We asked wealth advisors to identify the cities in which their clients intend to buy, hold and sell real estate in the coming years. The aggregated results are shown on the map. The locations shown are those where buy and hold outweighs intentions to sell.
HNWI real estate purchasing intentions in cities
- Net buy
- Net hold
Source: Savills World Research/Wealth Briefing
Gateway world cities remain buys, despite very strong recent performance and plateauing prices in some. Important global centres of business such as London and Dubai lead the pack, and reflect the trend for UHNWIs and HNWIs to invest in cities in which they are active in business, visit often, or simply know.
The results of our survey also reveal a broadening of purchasing intentions to other centres. Madrid, Manchester, Barcelona and Chicago are all emerging as net buys. This reflects a global trend in a crowded investors market towards higher yielding secondary property, second-tier cities and alternative assets. European cities exhibiting this trend include Amsterdam, Oslo, Brussels and Berlin.
In Asia, Tokyo looks set to see more UHNWI and HNWI investment as market recovery gathers pace. Singapore is a buy, along with neighbouring Johor Bahru, a nod toward the strategic benefits of the neighbouring Malaysian city.
Cities in emerging economies also feature on shopping lists for the next five years. Manila is a pick in the Philippines, Vientiane as Laos’ economic centre, and Phnom Penh, Cambodia’s fast-growing capital.
In Latin America, Mexico City is a hold among UHNWIs and HNWIs, while smaller Querétaro, a safe, business-friendly city with an historic centre (designated a UNESCO World Heritage Site), is a buy. In Argentina, Mendoza, the largest wine- producing centre in Latin America and gateway to the Andes, stands out as a city of choice in the region.
In the US, UHNWI and HNWI investors are set to concentrate in certain pockets: the Pacific Northwest, California, Texas, parts of the southwest, and northeast, along with Toronto in Canada. Cities in these regions are driven by the knowledge economy, fast-growing local populations and in many cases, a burgeoning tech industry.

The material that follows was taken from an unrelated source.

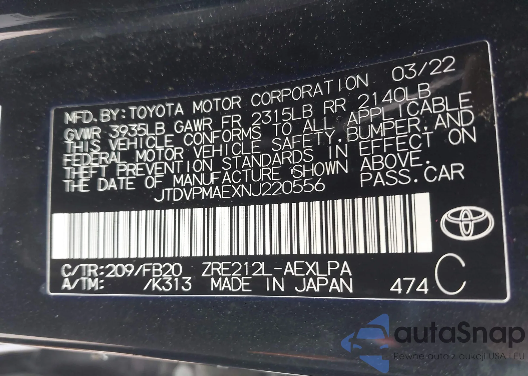 • VIN JTDVPMAEXNJ220556
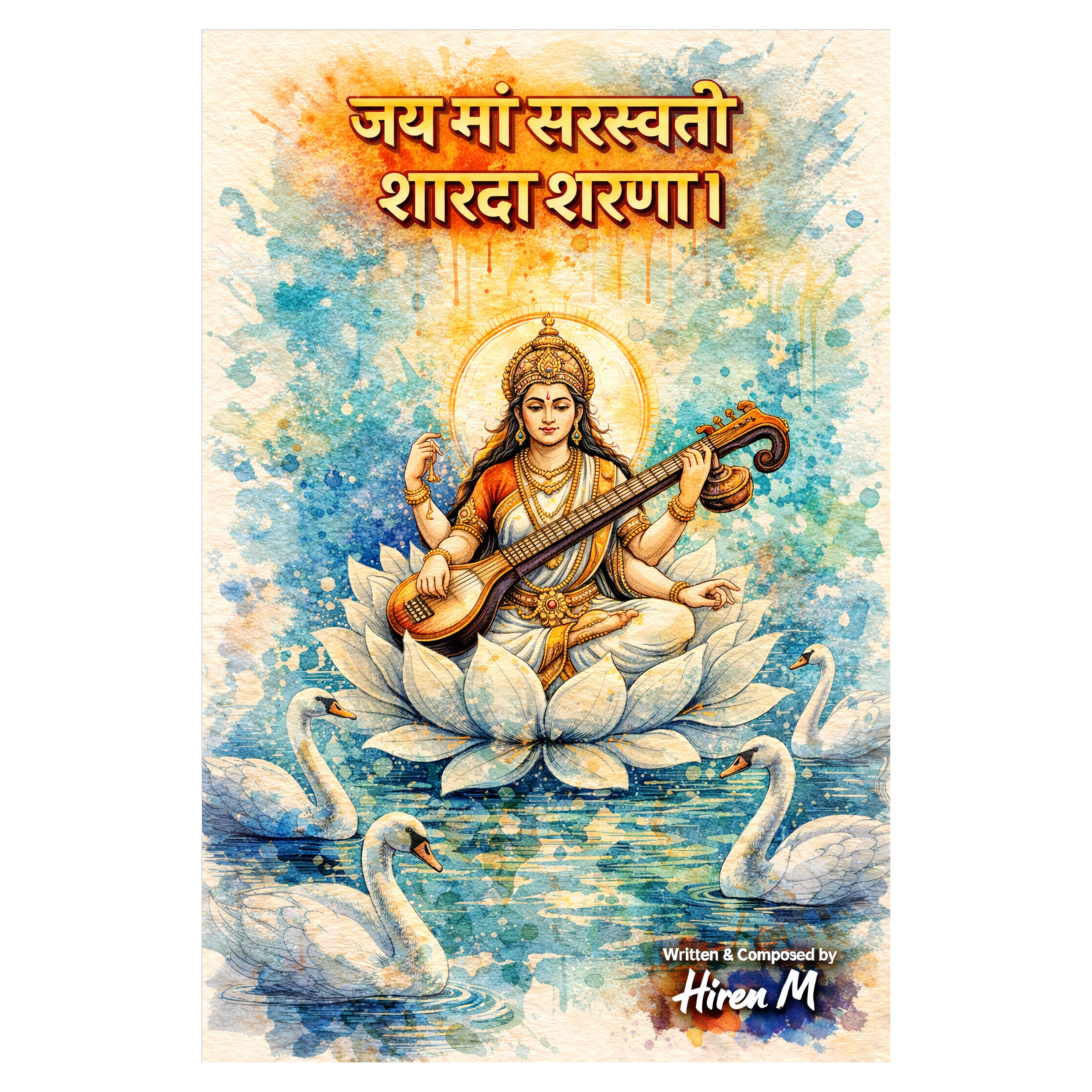 Indian devotional bhajan dedicated to Goddess Saraswati, shanti and vidya bhav, slow to medium tempo, gentle rhythmic flow, female vocal, soft, calm and meditative, tanpura drone with light veena or flute, harmonium accompaniment optional, clear diction, serene temple ambience, knowledge, art, and wisdom mood, reflective and uplifting

Net holds (but not new buys) include Beijing, Shanghai, Hong Kong and reflect the fact that these are already fully-invested cities as well as uncertainty around China’s growth prospects. In the US, Prospects for Los Angeles, New York, Washington DC and Miami remain positive, but as economic recovery spreads across the country, there are numerous other buying opportunities, especially in small tech-friendly regenerated cities.
African centres, including Nairobi and Cape Town, are net holds. While there has been plenty of foreign investment into income-producing assets on the continent (such as land and mining), African cities have yet to experience the same levels of inward investment seen into other regions. Africa is likely to see more acquisition activity beyond the five-year horizon of our survey.